JUSTIS Huni was on the cusp of realising a passionate dream when he entered the ring to fight Paul Gallen in June.
The fight against the former footballer was his second bout in less than a month, after having beaten Melbourne-based wild card Christian Tsoye in May.
Both fights were about getting the 22-year-old in fighting condition ahead of what would’ve been a dream realised by competing at the Olympic Games.
But Huni had actually picked up a hand injury in sparring, which he then aggravated in those next two fights. After being officially named to represent Australia in Tokyo, an MRI scan then ruled the Australian heavyweight champion out of his Olympic debut.
Huni has admitted that he ‘broke down’ when he received the news that his chances of competing in Tokyo were over.
“I just started thinking about everything that I had done to get to that stage and to qualify for the Olympics,” he told Aus-Boxing.
“All of the international training camps and tournaments I’ve fought at, I just felt like in that moment that it was all for nothing. I was shattered, it was devastating news.
“I don’t have any regrets on the fights I took. It’s just unfortunate, it’s just unlucky. But life goes on and we keep moving forward.”
But Huni, who has a 5-0 professional record, isn’t giving up on his Olympic dream just yet, instead setting his sights on Paris in 2024.
“It’s still there and I’m still chasing it,” he explained.
“It’s just a disruption to my dream [the injury] and I still plan to live out that dream and goal that I set myself which is competing at [the] Olympic Games.”
While Huni was seen as a potential gold medal contender by some in the lead-up to Tokyo, lightweight Harry Garside was instead the boxer to create history at the Games.
The Victorian claimed an historic bronze medal, this being the first Olympic medal by any Australian boxer in 33 years.
Even though he was clearly very proud of what Garside managed to achieve in the Olympic ring, Huni did mention how tough it was that he wasn’t there with him.
“We’ve done a lot of international travel together, fought at a lot of international tournaments together,” he added.
“Every time we’ve travelled we’ve always been roomies and we’ve always had the conversation about us two competing at the Olympic Games.
“To see him competing in the Olympic ring and pretty much doing what he said we were going to do throughout the years, it definitely made me a little bit teary that I wasn’t there with him.”
Huni is well and truly on the road to recover after his surgery in July, but still can’t use his hand in training for another five weeks.
“I don’t want to move too fast and rush things and injure my hand again,” he continued.
“So first things first is just getting my hand back to 100 percent and then going from there.
“If I’m able to get fit and get the training in before the years out, I’d be happy to fight in December but if not, early next year is definitely going to go ahead.”

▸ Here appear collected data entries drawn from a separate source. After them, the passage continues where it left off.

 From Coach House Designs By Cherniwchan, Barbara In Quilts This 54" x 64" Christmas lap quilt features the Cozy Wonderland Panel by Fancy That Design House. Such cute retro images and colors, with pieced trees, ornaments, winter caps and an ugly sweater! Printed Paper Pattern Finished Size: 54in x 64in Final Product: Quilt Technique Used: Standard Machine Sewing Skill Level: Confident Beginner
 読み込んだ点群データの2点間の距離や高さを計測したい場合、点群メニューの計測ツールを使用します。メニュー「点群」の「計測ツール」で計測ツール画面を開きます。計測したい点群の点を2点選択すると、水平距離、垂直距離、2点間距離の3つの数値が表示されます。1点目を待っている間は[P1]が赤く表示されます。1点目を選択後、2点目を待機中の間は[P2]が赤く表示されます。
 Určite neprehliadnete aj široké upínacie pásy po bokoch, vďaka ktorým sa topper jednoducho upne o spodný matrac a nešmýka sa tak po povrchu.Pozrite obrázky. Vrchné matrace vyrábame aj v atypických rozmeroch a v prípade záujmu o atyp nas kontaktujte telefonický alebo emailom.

As for who his next opponent could be, there’s been some back-and-forth between Huni and New Zealander Junior Fa.
The 31-year-old Fa has suffered just one loss as a professional, in his most recent bout against Joseph Parker in Auckland.

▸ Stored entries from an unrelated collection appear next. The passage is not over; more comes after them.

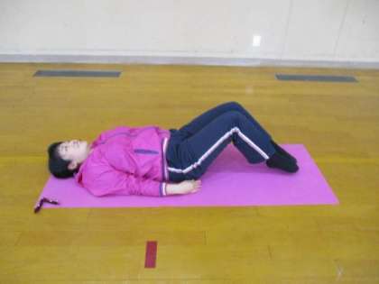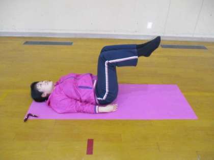 1枚目と2枚目の写真は足上げ腹筋です。仰向けになり,膝を立てた状態から太腿が床と垂直になるまで持ち上げた後は,つま先が床に着く手前まで足を下ろします。3秒で上げて5秒で下ろすリズムで行うと,下腹に効いてくると思います。呼吸も止めないように自然に行います。30回×3セットを目安にしてみてください。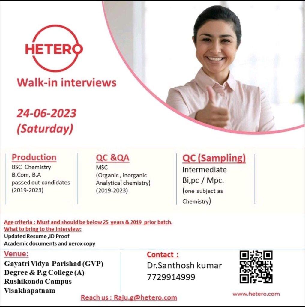 HETERO Walk in Interview for Production, QA, QC department on 24-06-2023 (Saturday)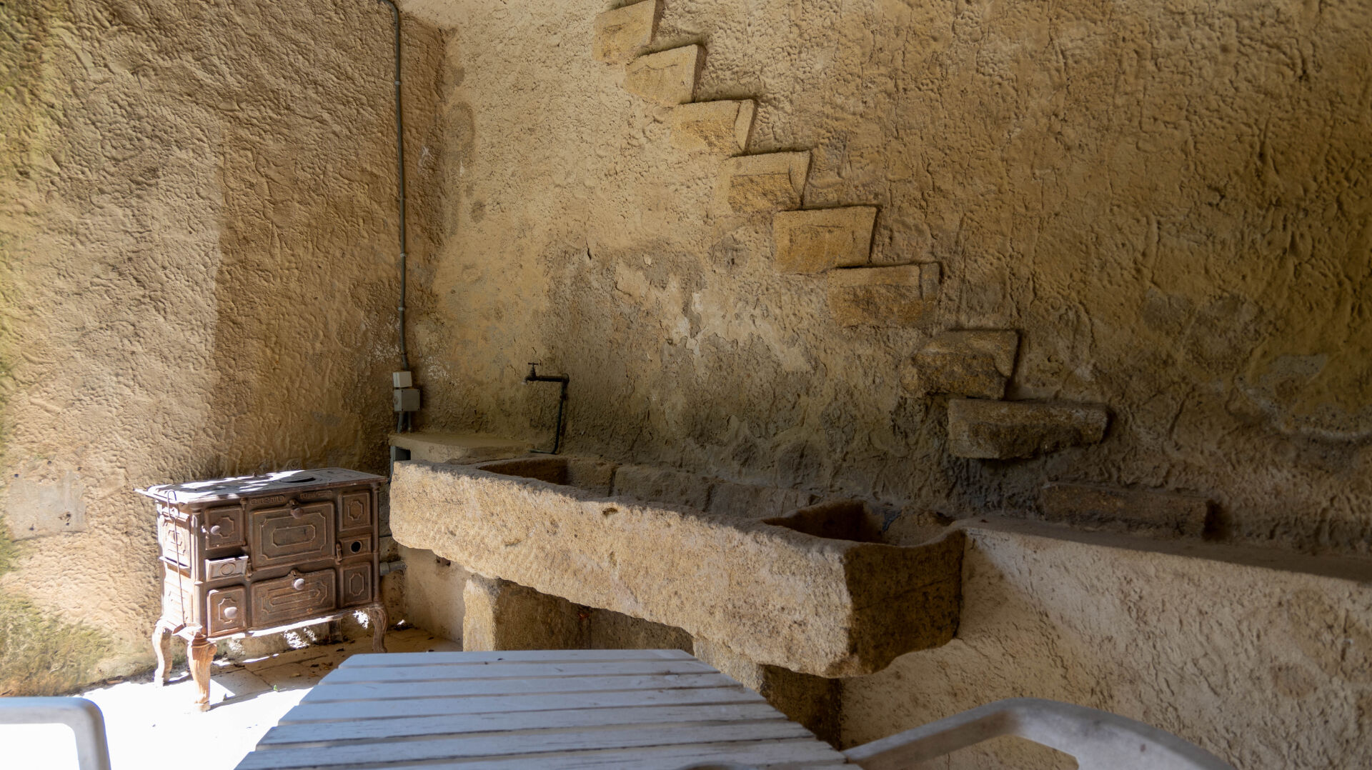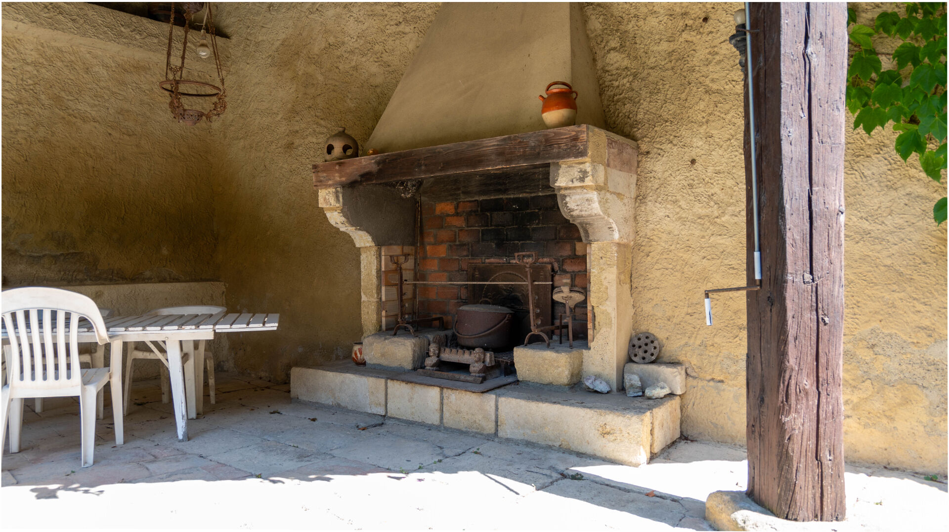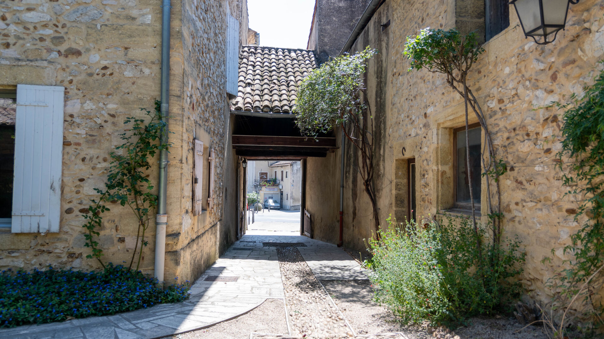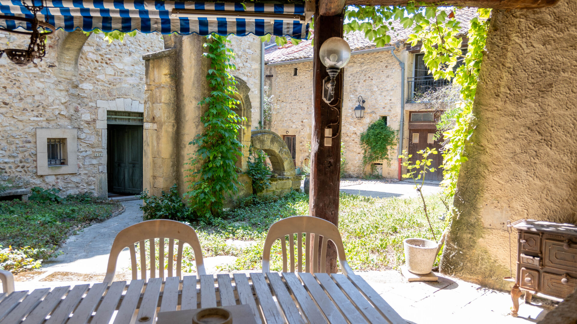 Le bâtiment s'articule autour d'une cour intérieure avec un jardin intimiste qui offre la possibilité de stationner 2 ou 3 véhicules. Les extérieurs disposent d'un puit pour l'arrosage, d'une cuisine d'été, d'un atelier de 30m²,d' un garage sur 2 niveaux d'environ 26m² et d' un pigeonnier.

Although the fight is far from finalised, Huni welcomes a clash with the fan-friendly Fa.
“I think that fight is definitely going to go ahead,” he concluded.
“It’s an awesome fight for myself, challenging myself to go up another level. I think it’ll be an awesome fight for the Pacific nations.
“We’ve both got Tongan in us so I know the Tongan crowd is going to love this one. I’m really excited for that fight and I can’t wait.
“I know he’s a really good athlete so he’s always going to come prepared and I am also. You just have to wait and see come fight night.”